People are also reading…
“European truffles can be grown in truffle orchards in North America by inoculating the roots of trees,” Dr. Lefevre adds. “We have more than a dozen productive orchards in Oregon, Washington and British Columbia growing European winter black truffles, bianchetto truffles and Burgundy truffles.”
Traditionally harvested by foragers with the assistance of highly skilled hunting dogs that have been trained to sniff out the distinctive scent at its peak of ripeness, Oregon truffles are in season between January and June with their European counterparts usually appearing a month or so earlier. Fortunately, thanks to current widespread cultivation in the Southern Hemisphere and other locations, it’s possible to source fresh truffles all year long if you know where to look for them and when.
“Rarity, seasonality and the delicate handling required to transport them from soil to plate all account for their high prices,” Dr. Lefevre points out. “The prestige lies in the quality of dog-harvested truffles. Only dogs can sniff out the ripest truffles, which are then carefully and quickly handled for delivery, dropped off at local restaurants or shipped further afield.”
Fresh truffles are in high demand when available. Wholesale prices for sought-after European winter black truffles can fluctuate anywhere from $600 up to a staggering $1,100 per pound, while the Oregon black and white truffles typically sell for anywhere between $400 to $800 a pound.
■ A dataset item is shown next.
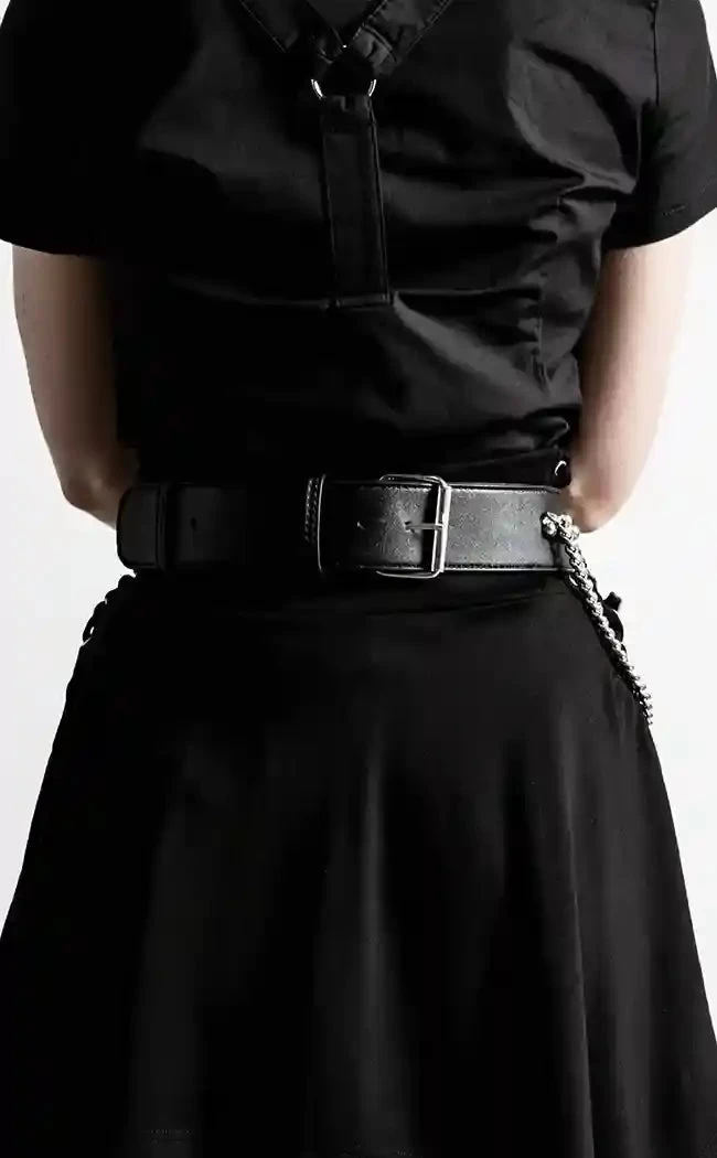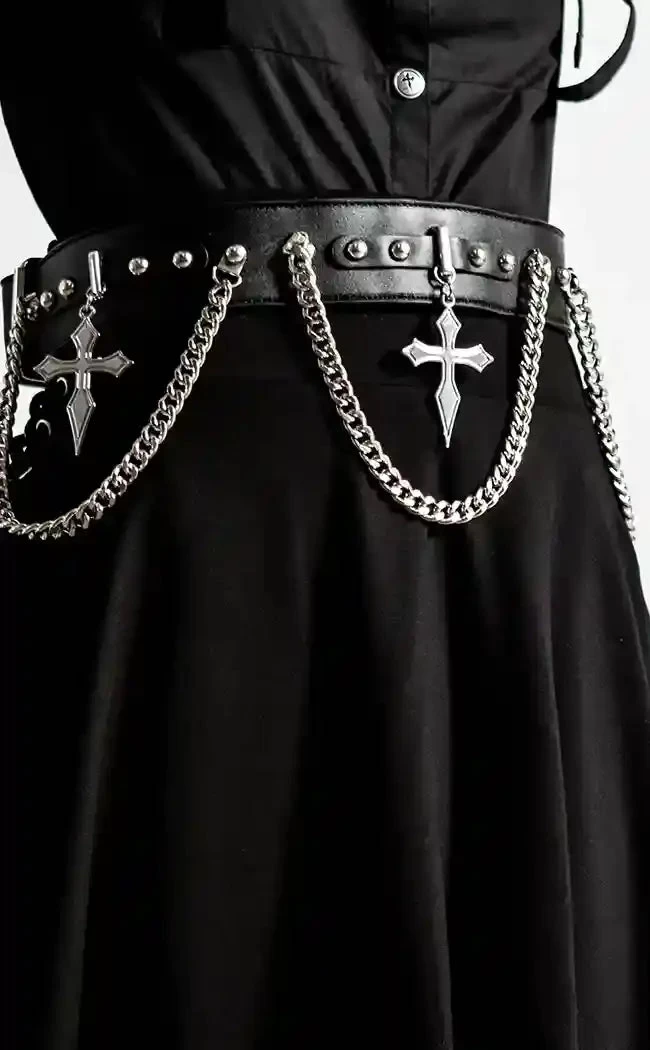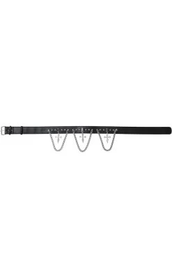 Add some drama to yer bag o’ tricks! Exaggerated cross decals and draping chains hang from this studded belt, securing with an adjustable belt buckle.
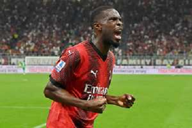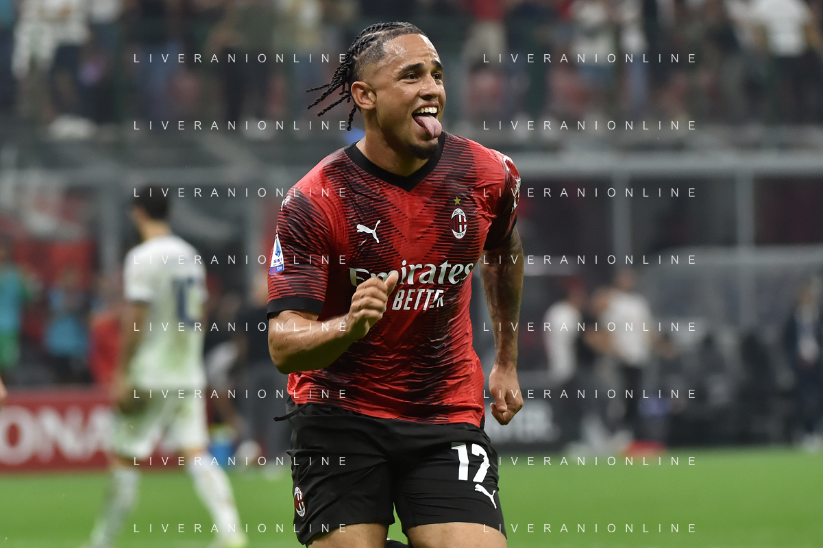 Milan vs Lazio nella foto Noah Okafor (Milan) esulta dopo il gol del 2 a 0 Milano 30-09-2023 Stadio Giuseppe Meazza - San Siro Campionato Serie A TIM - 7a giornata foto Roberto Garavaglia/ag. Aldo Liverani sas/AGENZIA ALDO LIVERANI SAS

Just what makes truffles so delicious is a matter of opinion.
“It's very hard to describe the flavor of truffles, and each is different from the others,” Dr. Lefevre mentions. “In the case of Oregon white truffles, I like to say that they add ‘electricity’ to food. Oregon black truffles often add fruit flavors, where other truffles add garlic and animal musk.”
To store truffles, refrigerate them in a sealed plastic container lined with a paper towel to preserve their precious aroma and expose them to fresh air a few times each day. Also, plan to use them quickly. The shelf life of a fresh Oregon truffle is only 10 days or so; European truffle varieties last slightly longer, but keep in mind, they spend part of that time in transit. Because the appeal of the truffle lies heavily in its intoxicating earthy aroma, it plays beautifully with rich foods that can readily absorb and highlight the scent and flavor, especially butter, eggs, cheese, pasta and avocado.
“At the Oregon Truffle Festival, you can have the experience of [enjoying] truffles in every course of every meal, from amuse to dessert, starting first thing with the cream in your coffee!” Dr. Lefevre laughs.